Let us sign d/dx as just D, let J mean the antiderivative like this way: J f(x) = int from 0 to x f(u) du.
Let n and m be an integer and let z and w be a complex number.
Generally D^n J^n f equals to f while J^n D^n f does not.
There are tries to extend the derivatives, like the Riemann-Liouville definition:
RL: D^z [a;x] f(x) = 1/gamma(ceil(z)-z) D^ceil(z) int from a to x f(u)/(x-u)^(z-ceil(z)+1) du
Or here is the Grünwald-Letnikov definiton:
GL: D^z [a;x] f(x) = lim 1/h^z sum from k=0 to infinity (-1)^k binomial(z,k) f(x+kh)
and if z is not a complex number instead of an integer:
GL: D^n [a;x] f(x) = lim 1/h^n sum from k=0 to n (-1)^k binomial(n,k) f(x+kh)

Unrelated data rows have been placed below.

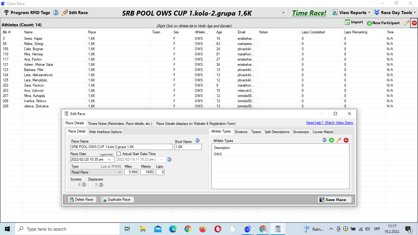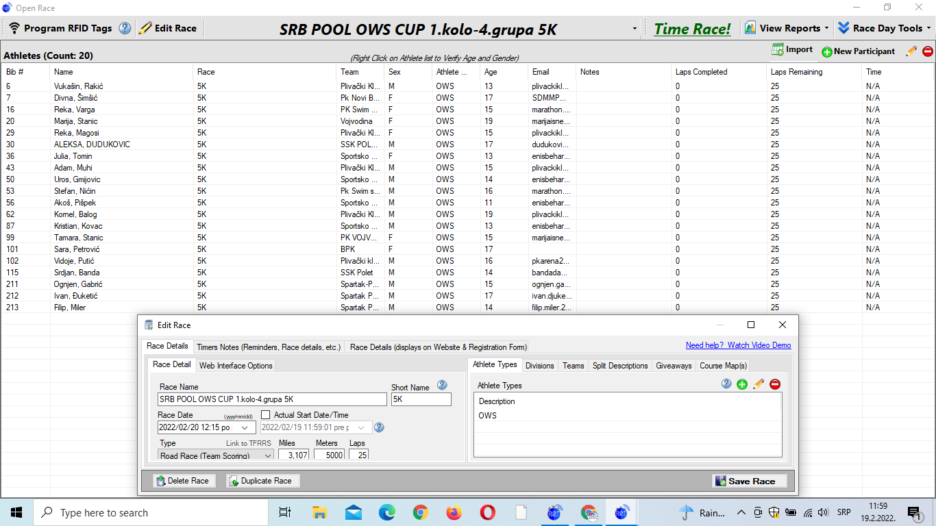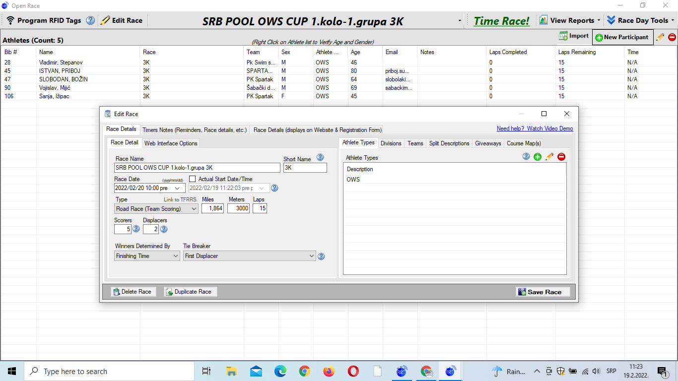 19.februar 2022.-Startne liste SRB POOL OWS CUP-a 1.kolo
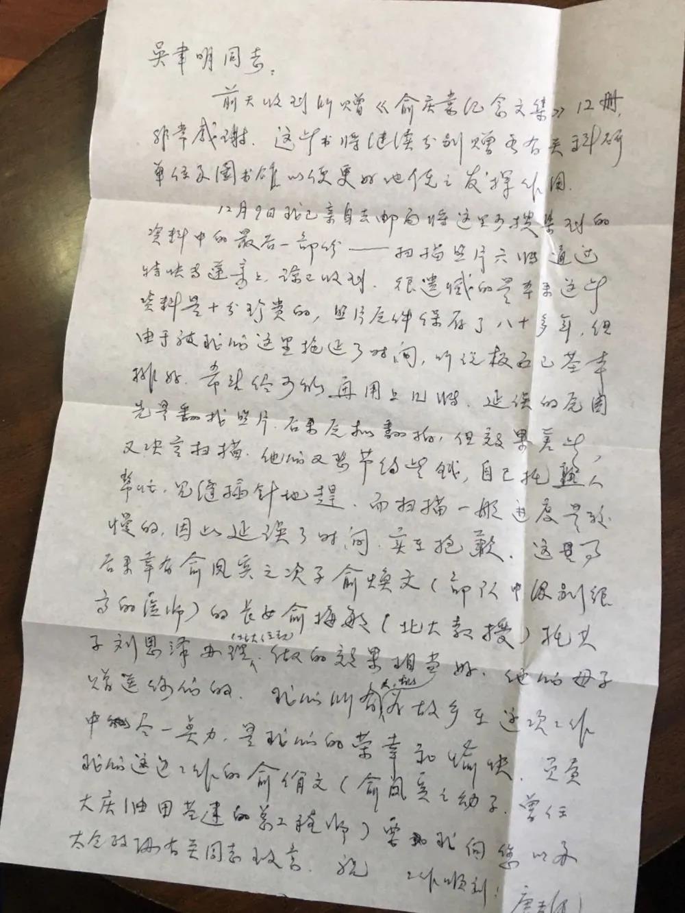 1999年12月12日,唐孝纯致吴聿明的信,其中提到“俞凤宾的幼子俞佾文(国家建工局重大项目基建专家总工程师)”。(注:俞凤宾、俞颂华、俞庆棠三兄妹,唐孝纯是俞庆棠的长女,我是俞颂华的长孙,俞庆棠是我的姑奶奶。)
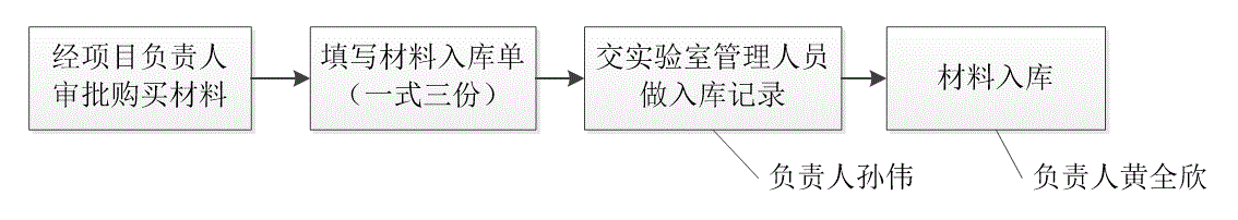 1、材料费支出应履行“材料费支出及入库手续”,流程如图1所示。办理入库手续时需要将所购材料和入库单交予相关实验室管理员。
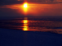 知床の流氷 夕景
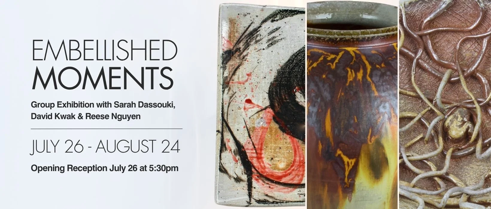 Embellished Moments features new work by our 2024–2025 ceramic interns — Sarah Dassouki, David Kwak, and Reese Nguyen — as they conclude their time at Starworks. Over the past year, these emerging artists have explored wild clays, honed new techniques, supported visiting residents, and played an essential role in our studio community. Their work reflects the depth of that experience and the energy of what’s next.

Here is my question: how to iterate the derivative operator? - My answer is: we just need to iterate the operations of the GL formula. Let us see the first iterated third derivative of a function:

D^3 f(x) = lim 1/h^3 (f(x) - 3 f(x+h) + 3 f(x+2h) - f(x+3h)) = f'''(x)
Its iterated:
D^^3 f(x) = lim h^^3th root of ( (f(x) f(x+2h)^3) ÷ (f(x+h) f(x+3h)^3) )
And because of 0^^3 = 0, therefor
D^^3 f(x) = lim hth root of ( (f(x) f(x+2h)^3) ÷ (f(x+h) f(x+3h)^3) )

E.g.:
D^^3 x = exp(-4/x)
according to Wolfram Alpha.

0^^2 = 1, so the first iterated second derivative is D^^2 f(x) = f(x) as all the eventh derivative.
I am interested in the halfth derivative:

D^^0.5 f(x) = lim 0^^0.5th root of prod(k=0,infintiy,(f(x+kh)^binomial(0.5,k))^((-1)^k))

But what is 0^^0.5?
0^^0 = 1, 0^^1 = 0, 0^^2 = 1, 0^^3 = 0, ...
0^^z = ?
And if you made a pari/gp code, I would be really thankfull.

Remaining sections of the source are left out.